On Llu, 2005-01-17 at 21:31, Jeffrey Hundstad wrote:
> I also can't keep a recent 2.6 or 2.6*-ac* kernel up more than a few
> hours on a machine under real load. Perhaps us folks with the problem
> need to talk to the powers who be to come up with a strategy to make a
> report they can use. My guess is we're not sending something that can
> be used.

I need a way to reproduce it. Preferably on a hardware configuration
that is running 2.6.10-ac10 or later because of the bio and acpi fixes.
I'm not interested in any report including binary drivers and to be
honest the least complex configuration the better. I also care that the
hardware passes memtest86+ !

I also don't care about XFS although Christoph may well do.

Alan

2005-01-20 22:31:06

by Jeffrey Hundstad

[permalink] [raw]
Subject: Re: journaled filesystems -- known instability; Was: XFS: inode with st_mode == 0

Jeffrey Hundstad wrote:

> For more of this look up subjects:
> Bad things happening to journaled filesystem machines
> Oops in kjournald
> and from author:
> Anders Saaby
>
> I also can't keep a recent 2.6 or 2.6*-ac* kernel up more than a few
> hours on a machine under real load.
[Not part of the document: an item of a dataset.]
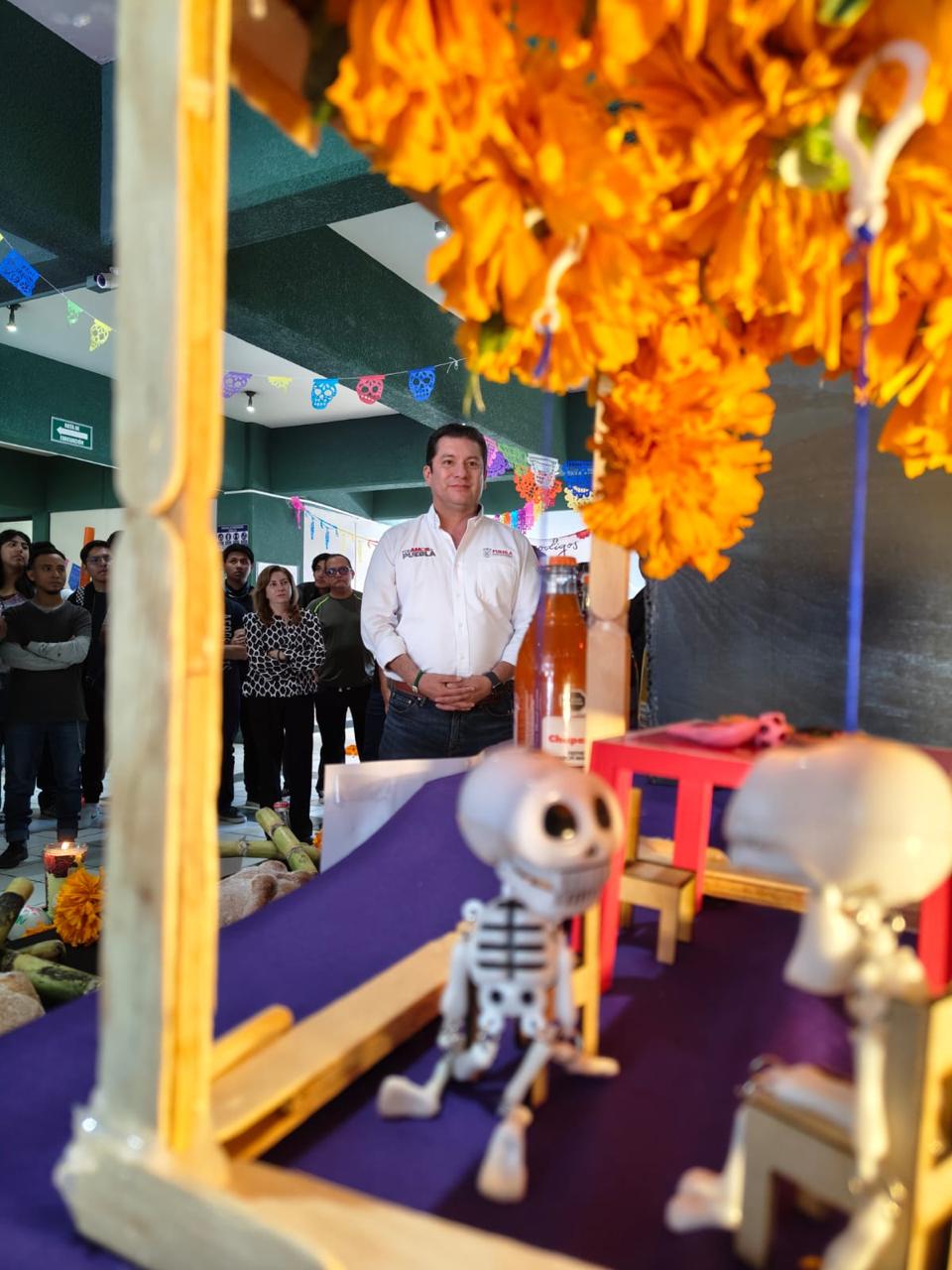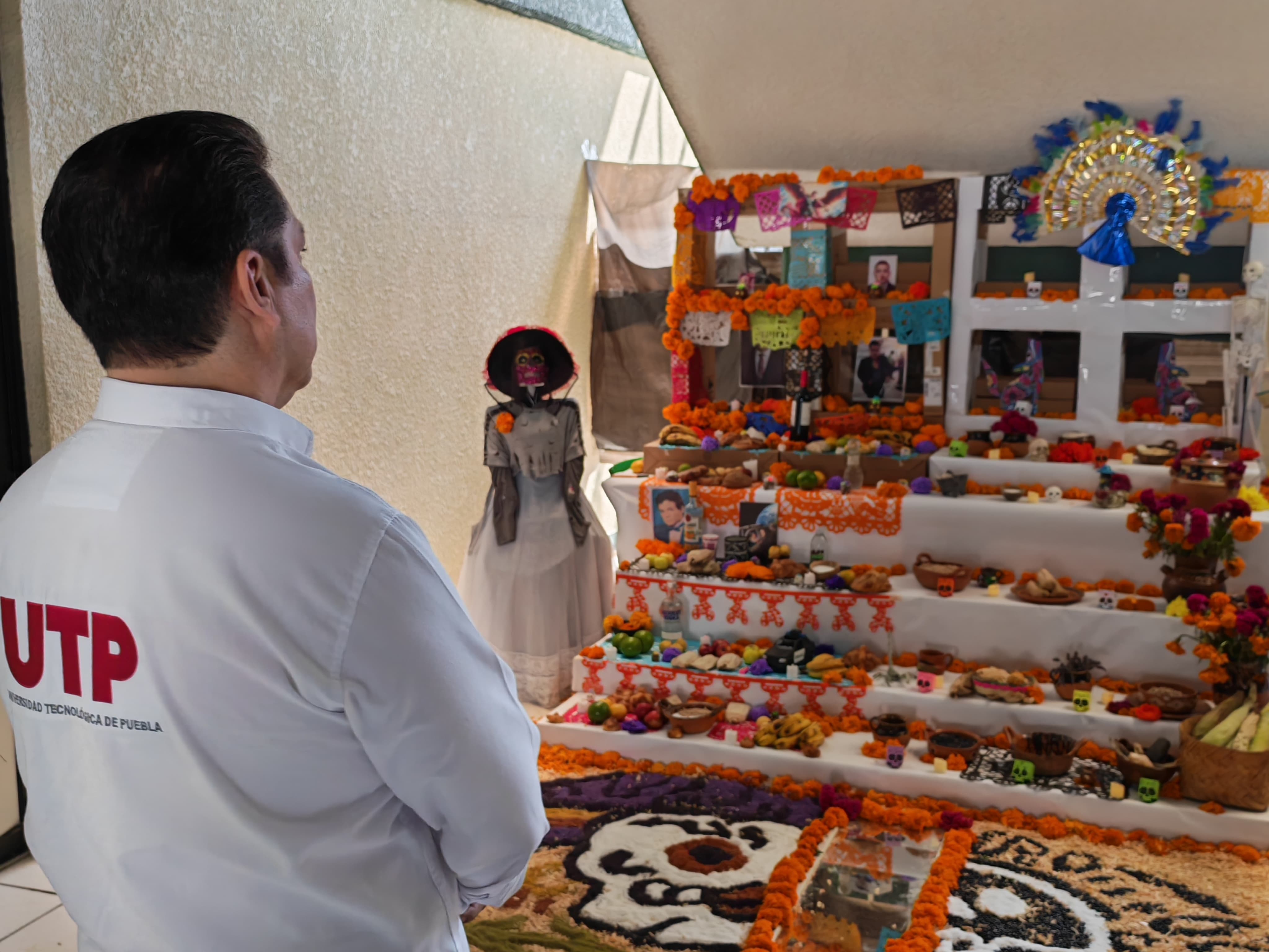 CIUDAD DE PUEBLA, Pue. — En el marco de la conmemoración del Día de Muertos, el rector de la Universidad Tecnológica de Puebla (UTP), Jesús Morales Rodríguez, recorrió las ofrendas elaboradas por las y los estudiantes de distintas carreras, quienes demostraron creatividad, talento e innovación, al integrar elementos tecnológicos en sus trabajos y combinar la tradición con los conocimientos adquiridos en su formación académica.

Perhaps us folks with the
> problem need to talk to the powers who be to come up with a strategy
> to make a report they can use. My guess is we're not sending
> something that can be used.
>
I have found two server in my operation that seem to do quite well on
linux-2.6.7. So I believe the brokenness is after this point and before
linux-2.6.8.1.

...so far I'm not seeing problems after two days with
linux-2.6.10-ac10. I'm still crossing my fingers and knocking on wood.

--
jeffrey hundstad

2005-01-25 12:47:59

by Stephen C. Tweedie

[permalink] [raw]
Subject: Re: journaled filesystems -- known instability; Was: XFS: inode with st_mode == 0

Hi,

On Mon, 2005-01-17 at 21:31, Jeffrey Hundstad wrote:
> For more of this look up subjects:
> Bad things happening to journaled filesystem machines
> Oops in kjournald

That seems to have been due to the xattr problems recently fixed in
Linus's tree. The xattr race was allowing one process to delete an
unshared xattr block while another was trying to share it, and the
journaling code was getting upset when the second process then tried to
commit the now-deleted block.

--Stephen


2005-01-25 15:12:21

by Jeffrey Hundstad

[permalink] [raw]
Subject: Re: journaled filesystems -- known instability; Was: XFS: inode with st_mode == 0

Stephen C. Tweedie wrote:

>Hi,
>
>On Mon, 2005-01-17 at 21:31, Jeffrey Hundstad wrote:
>
>
>>For more of this look up subjects:
>> Bad things happening to journaled filesystem machines
>> Oops in kjournald
>>
>>
>
>That seems to have been due to the xattr problems recently fixed in
>Linus's tree. The xattr race was allowing one process to delete an
>unshared xattr block while another was trying to share it, and the
>journaling code was getting upset when the second process then tried to
>commit the now-deleted block.
>
>

Thanks for the update.

I wonder if there are several problems. Alan Cox claimed that there was
a fix in linux-2.6.10-ac10 that might alleviate the problem.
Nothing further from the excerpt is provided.